Posted on 05 June 2014 by LeslieM

By Emily Rosen

ERosen424@aol.com

Addiction is a terrible thing. And pretty much everybody who understands it will admit that it takes great strength and determination to beat it. It’s pretty easy to just say: Get over it – or you can stop if you want to – but alas – the psycho-emotional component is a trap hard to escape.

So, there’s liquor, drugs, food and cigarettes and any number of “fetishy” things, and I’m here to report on how I found the best cure for my particular addiction(s).
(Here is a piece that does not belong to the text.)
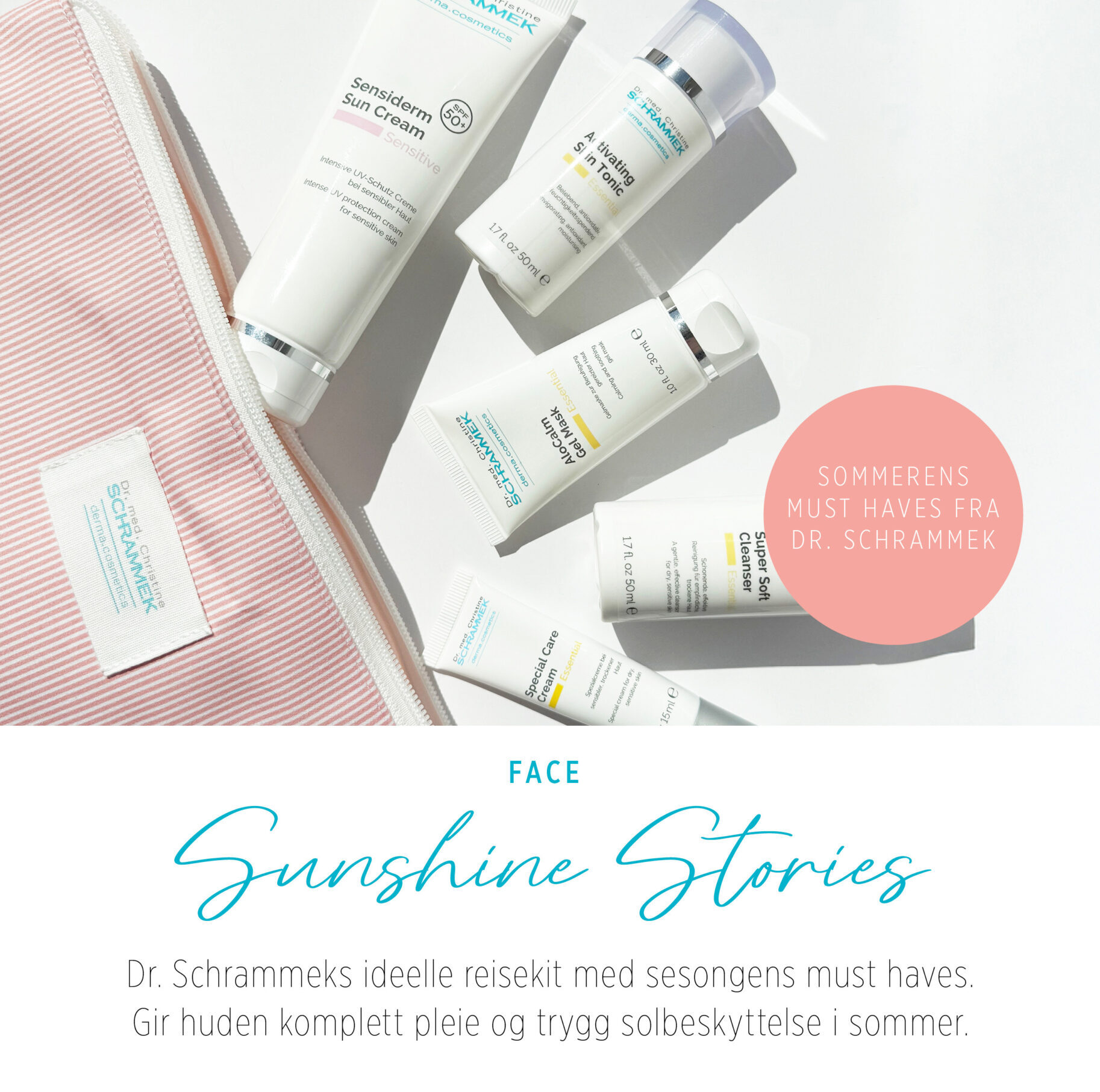 Dr. Schrammek sitt idelle reisekit med sesongens must haves. Gir huden komplett pleie og trygg solbeskyttelse i sommer.

In a few words, I am addicted to “excess;” as in, if one (of anything) is good, two is better and three is ideal … and one addiction is not enough, combined with the inability to throw anything away, a penchant for collecting pens, elephants, old matchbooks and print articles of particular interest to me, and letters (remember letters?), and a compulsion to shop anything that says “Buy one, Get one Free.” Know ye well that this does not augur well when in the process of downsizing one’s living quarters by about 2000 square ft.
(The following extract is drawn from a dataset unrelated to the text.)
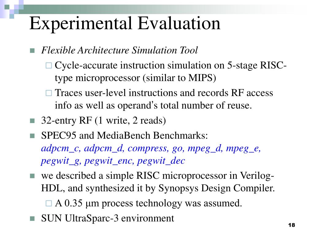 Experimental Evaluation • Flexible Architecture Simulation Tool • Cycle-accurate instruction simulation on 5-stage RISC-type microprocessor (similar to MIPS) • Traces user-level instructions and records RF access info as well as operand’s total number of reuse. • 32-entry RF (1 write, 2 reads) • SPEC95 and MediaBench Benchmarks: adpcm_c, adpcm_d, compress, go, mpeg_d, mpeg_e, pegwit_g, pegwit_enc, pegwit_dec • we described a simple RISC microprocessor in Verilog-HDL, and synthesized it by Synopsys Design Compiler. • A 0.35 μm process technology was assumed. • SUN UltraSparc-3 environment

Thus, the cure … Take away that 2000 sq. ft.of living space for starters – and for sure there is some physics theory that says something to the effect that there is a limit to how much solid stuff can actually fit into a specific amount of space. And so the “tossing party” begins. We – I say “we,” but it is actually only me – “do” categories: Saving … donate … give away … sell … garbage. And here, of course, is where I break the addiction.

And then a funny thing happened to me. I became obsessed with the “garbage” category. And furiously did I dump the junk of my life, what I had thought to be the sustenance of my life — the stuff that I would have been too embarrassed to give away, donate, and certainly would not expect to sell. Why did I save this? Why did I acquire it in the first place?

You can call it cold turkey. That’s how I eliminated about 90 percent of my worldly possessions. Ah, but wait.

Then came the move — and there is still too much – and now I am dealing with having to eliminate about 90 percent of what is left – resorting to the same categories.

Soon, this torture will end. Soon, I will be settled in with just the right amount of “stuff.” And, already, I can see how effective the cure was. Retailers, marketers, hawkers of various wares, all of you out there, I give you fair warning. I am not your patsy any more. If I don’t need it, I don’t buy it. And if I need it, I buy only one.

I feel like a new person. I have shed my stuff. It’s better than taking a bath. It feels so good.